Street in times of pandemic
Roaring behind masks
This mural was painted in the town of San Pedro Cholula, Puebla, Mexico. It was made in May 2020 at the beginning of the Pandemic, with aerosol and vinyl paint, measuring 5 x 10m.
“We were working in toctiuco, a neighborhood in the mountains of Quito, Ecuador. We had just organized a festival in the main square and I was doing a live painting on a pallet, joined by neighborhood musicians, a photo exhibition of the mingas, cardboards so that the children could draw. And in the background, a participatory mural, a collective map, an event billboard, games on the floor. Except for the rain, everything had gone bacan. To which Pepe Claudio calls these two guys who were always wandering around, to take my painting to the community house. They stand next to the pallet for the photo and tell me to put my signature on it so it looked like they painted it – they always throw that joke and I really like the appropriation because we all laugh together.

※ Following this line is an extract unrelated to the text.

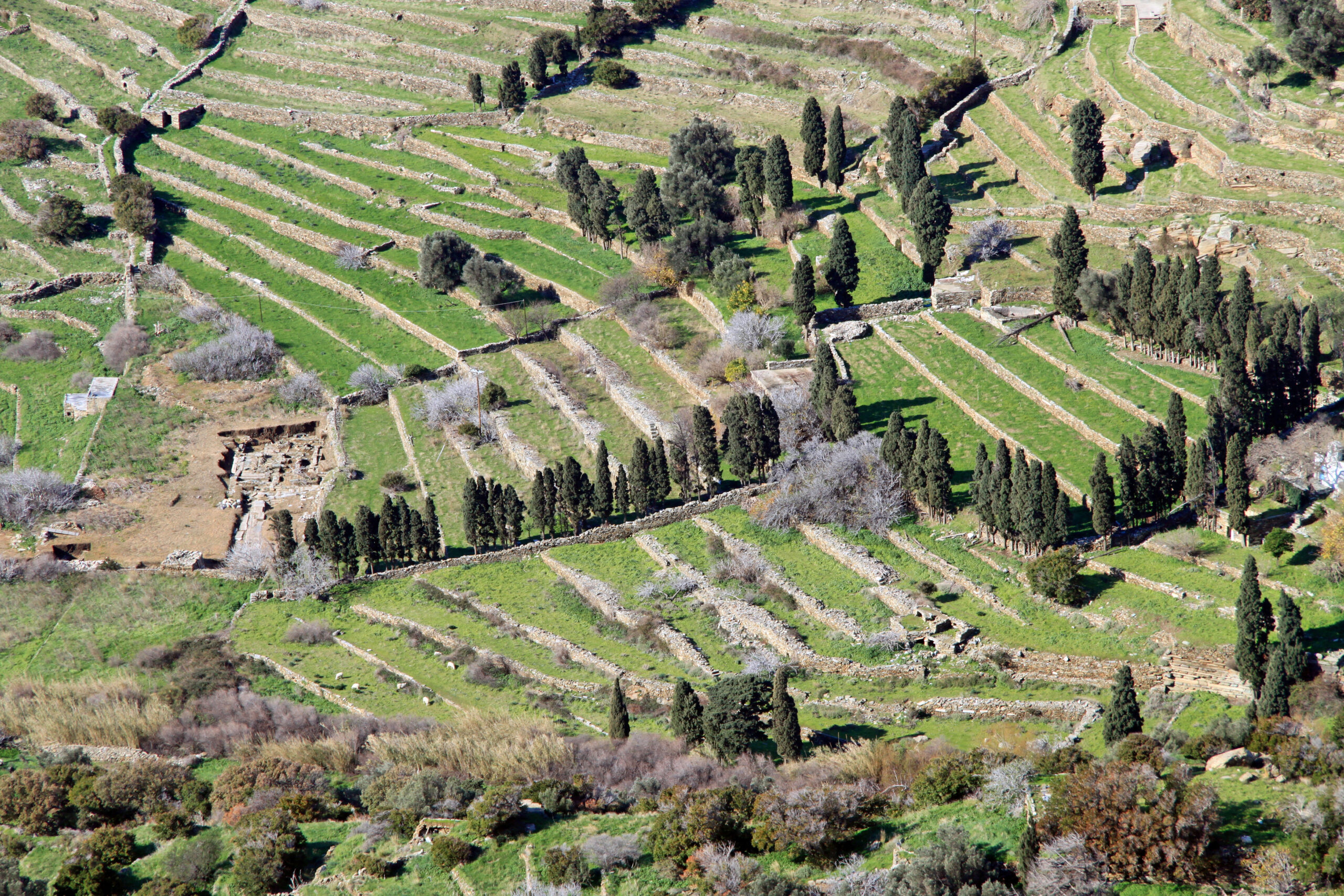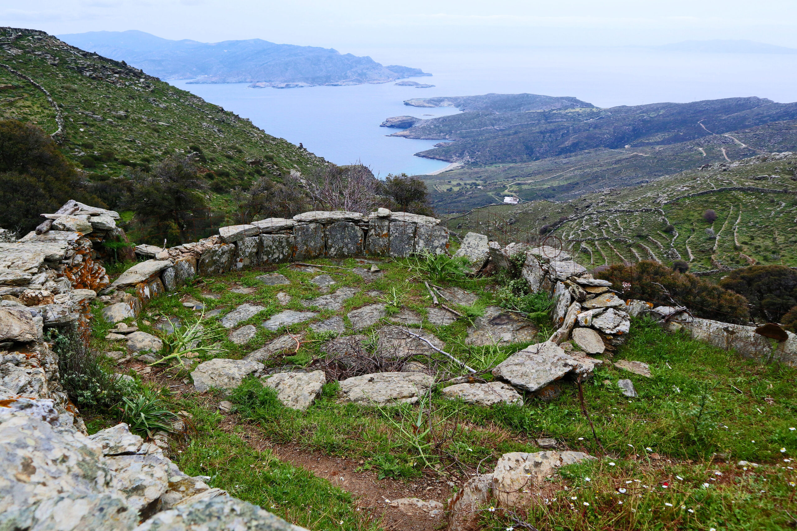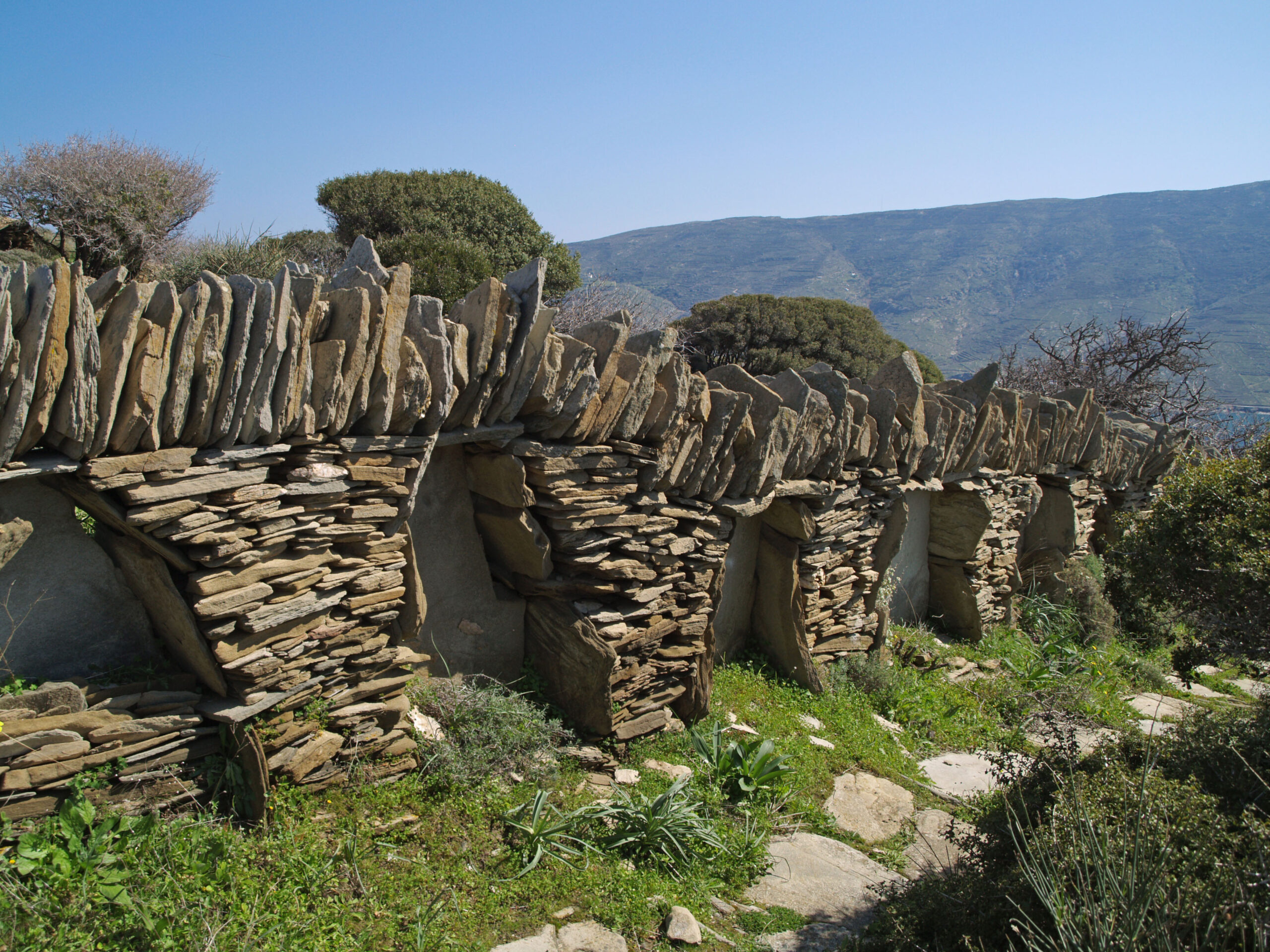 Διασχίζοντας τα αγροτικά τοπία της Άνδρου ανακαλύπτεις πολλούς λαογραφικούς θησαυρούς -από περιστεριώνες στο Κόρθι, μέχρι αλώνια, κονάκια, κρήνες, μύλους και τις καταπληκτικές αιμασιές- τις ξερολιθικές μάντρες που τις βλέπεις παντού. Είναι φτιαγμένες με τη χαρακτηριστική μεγάλη κάθετη πέτρα, το στήμα, στο οποίο στηρίζονται οι οριζόντιες πλάκες. Όπως μάλιστα θα μου πει γελώντας η Αριάνα, εάν ένα drone μπορούσε να μετρήσει όλο το δίκτυο των ξερολιθικών τοίχων στο νησί μπορεί το σύνολο να είναι μεγαλύτερο σε χιλιόμετρα και από το Σινικό Τείχος.

I remember that one mounted it on his back and began to zigzag downhill, until it was lost among the people, I thought goodbye pallet.
I wonder where are these friends now, those homeless and silenced by face masks. How many stories do we tell, from the confortable side, and how many others are never heard. What facets do we know within the same city, what realities.
The anti-famous, the lost, the nobody, the ones who do not enter the radar, the ones who do not have a health system, the ones who are afraid to go to a hospital, the ones who are already sick from the virus of capitalism.
There is always a jaguar behind their mouth roaring, and if we get close enough we can hear them.”